Note - More information on the services can be found on the CDA website or obtained from the B/WPSO or B/WEO.


----------



## MJP (6 Jul 2018)

Not at work so can't check DWAN or call the BPSO's office but do you have to wait to finish a crse to be reimbursed for initial programme enrollment/application and other such fees?  Just started my masters but the entry into the programme isn't cheap and the less I have have to pay interest on the amounts the better.


----------



## Mediman14 (6 Jul 2018)

MJP said:
			
		

> Not at work so can't check DWAN or call the BPSO's office but do you have to wait to finish a crse to be reimbursed for initial programme enrollment/application and other such fees?  Just started my masters but the entry into the programme isn't cheap and the less I have have to pay interest on the amounts the better.

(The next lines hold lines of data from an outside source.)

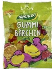
Gummibärchen vegan 1,49 € / 100 g
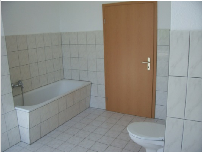
Badezimmer das Große
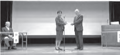
○江別市高齢者クラブ連合会(女性部)様から車いす寄贈(会場では目録)
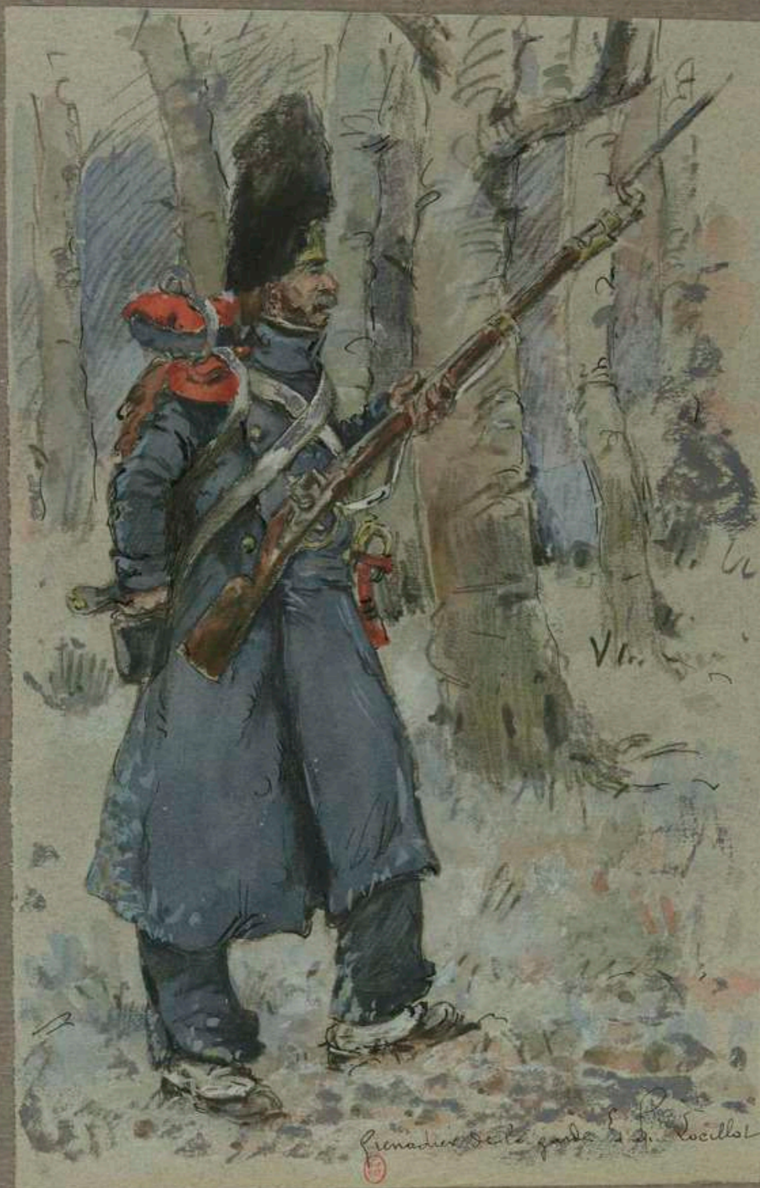
5° - Grenadier de la Garde en capote d'après Loeillot
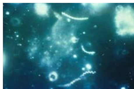
Mikwografi Treponema pallidum ki gen fon nwa.
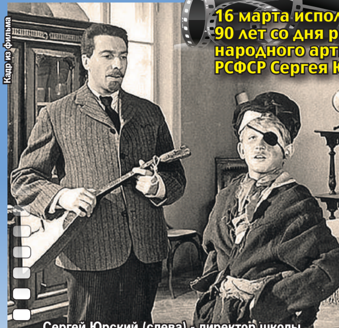
Сергей Юрский (слева) - директор школы для беспризорников в «Республике ШКИД» (1966).

16 марта исполнилось 90 лет со дня рождения народного артиста РСФСР Сергея Юрского.
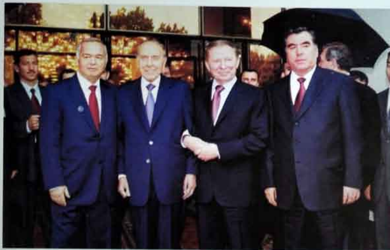
Azərbaycan MDB dövlətlərinin hər biri ilə münasibətlərə həmişə xüsusi önəm vermişdir

Azərbaycanın prezidenti kimi Siz ölkəniz üçün, bölgəniz və dünya üçün çox böyük işlər görürsünüz. Siz Azərbaycana azadlıq, müstəqillik qazandırmısınız. Siz müstəqil Azərbaycan Respublikasını dünyaya tanıtdırdınız. Azərbaycan xalqını yüksəklərə qaldırdınız. İnanıram ki, Sizin müdrik siyasətiniz nəticəsində müstəqil Azərbaycan Respublikası daim inkişaf edəcəkdir.
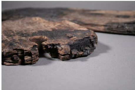
Bois brûlé par l'incendie des années 1020
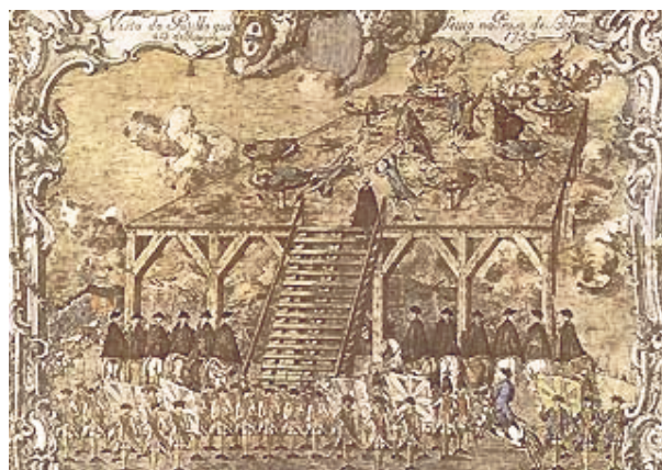
O suplício dos Távoras

A 13 de Janeiro do ano de 1759, foram executados, num descampado onde fica actualmente a praça Afonso de Albuquerque, em Belém, seis membros da mais alta nobreza portuguesa, na sequência daquele que ficou conhecido como “Processo dos Távoras”.

Yes, you do have to complete the course with a passing grade in order to be reimbursed. A good rule of thumb is to ask for more than what everything costs. You will only get back what you paid, but there is always some unexpected cost such as a increase cost from a proctor/ invigilator!


----------



## MJP (6 Jul 2018)

Mediman14 said:
			
		

> Yes, you do have to complete the course with a passing grade in order to be reimbursed. A good rule of thumb is to ask for more than what everything costs. You will only get back what you paid, but there is always some unexpected cost such as a increase cost from a proctor/ invigilator!



Rog, tracking that.  I don't think I was clear in my question, I am only referring to costs not directly related to courses.  In my case entry into the program before any course costs is just over $2k.   I won't be done my first crse until end-October , so if I can get those costs covered before that would be ideal.


----------



## Zarack21 (10 Jul 2018)

I've inquired before and ILPs do not provide advance on courses.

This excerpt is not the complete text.